* **Data**:
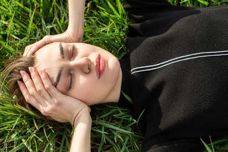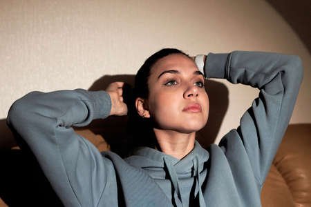 Portrait of a cute brunette woman holding hands behind her head. Close up
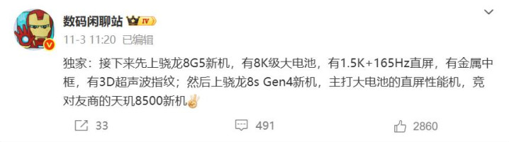 骁龙8Gen 5处理器暂定11月底发布,到时候首批机型会有两款,其中就有一加ace 6 pro max,这款手机主打核心体验,会有165Hz高刷直屏、风驰游戏内核、8000mAh大电池,游戏和续航都很强劲。
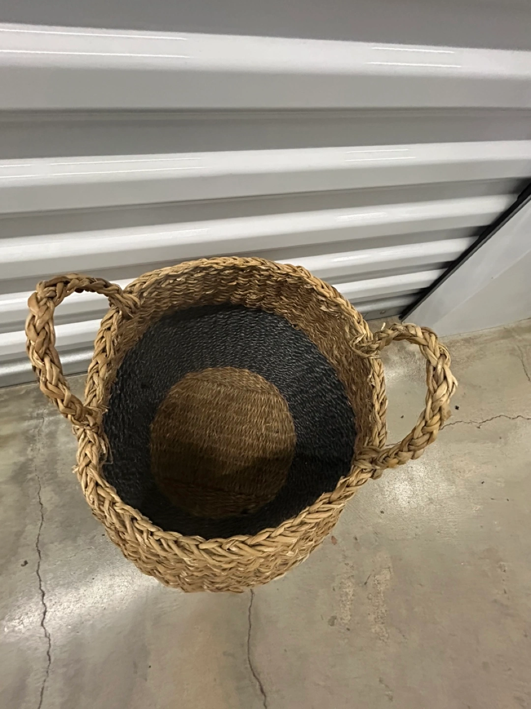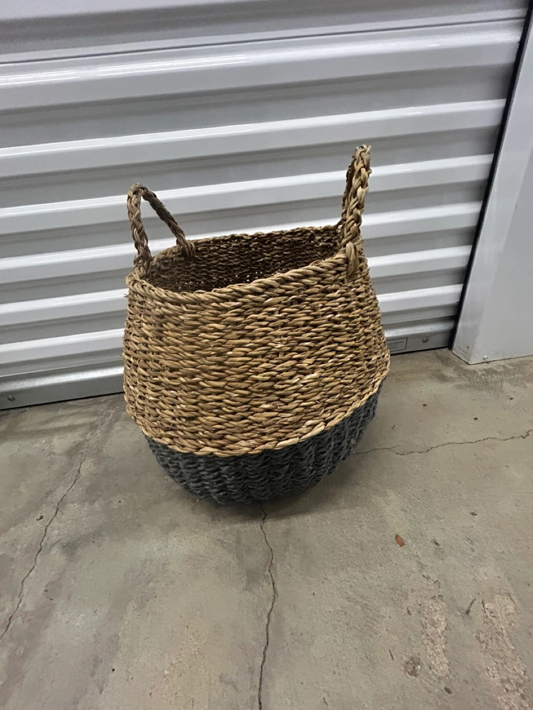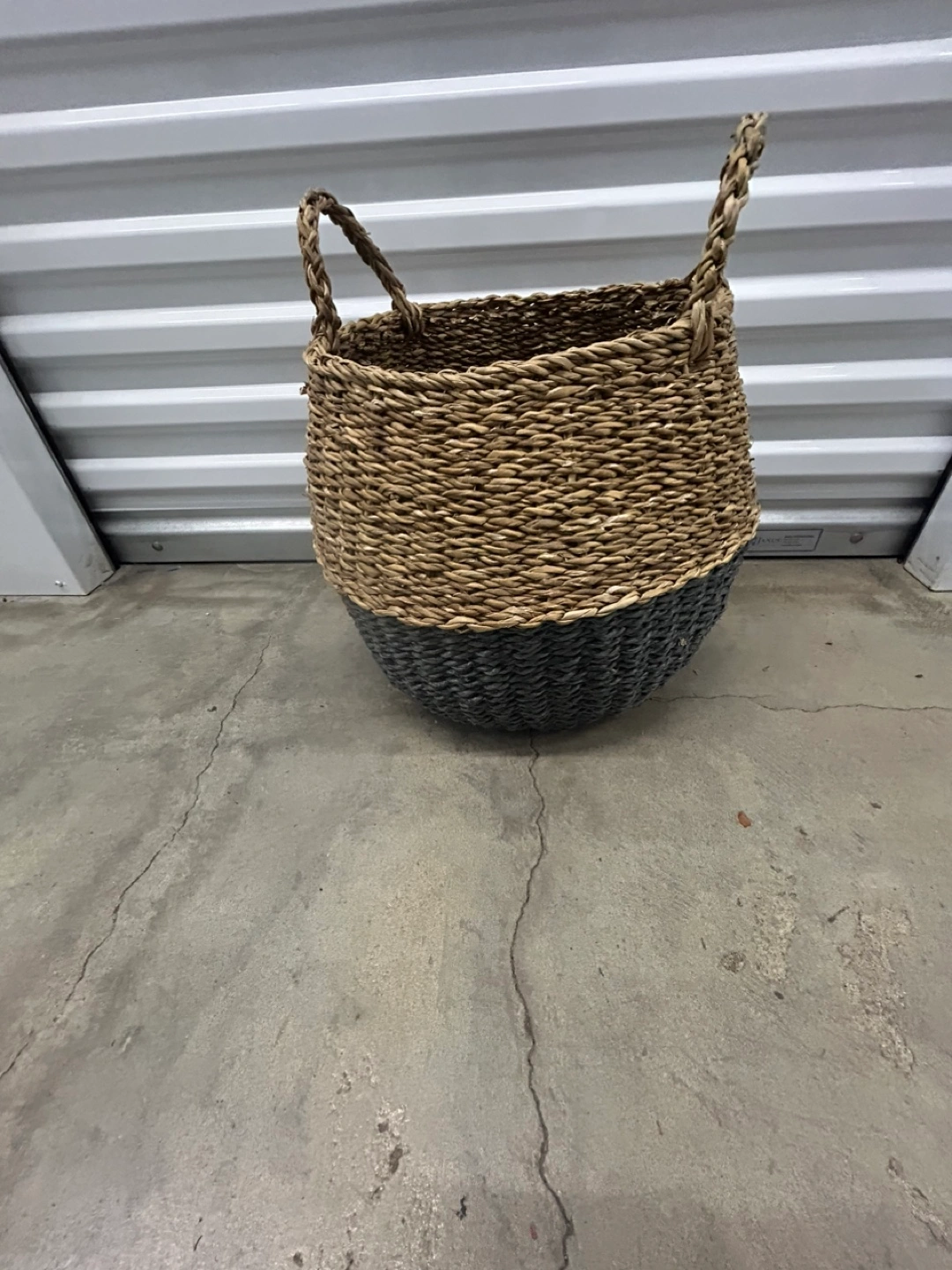 Selling a woven basket with handles! It's a cute two-tone design, with a natural woven top and a dark gray Perfect for storing blankets, toys, or laundry!

* **Action item**: With the pictures excluded, restate the material exactly as it stands.

* **Answer for the task**:
 Portrait of a cute brunette woman holding hands behind her head. Close up
 骁龙8Gen 5处理器暂定11月底发布,到时候首批机型会有两款,其中就有一加ace 6 pro max,这款手机主打核心体验,会有165Hz高刷直屏、风驰游戏内核、8000mAh大电池,游戏和续航都很强劲。
 Selling a woven basket with handles! It's a cute two-tone design, with a natural woven top and a dark gray Perfect for storing blankets, toys, or laundry!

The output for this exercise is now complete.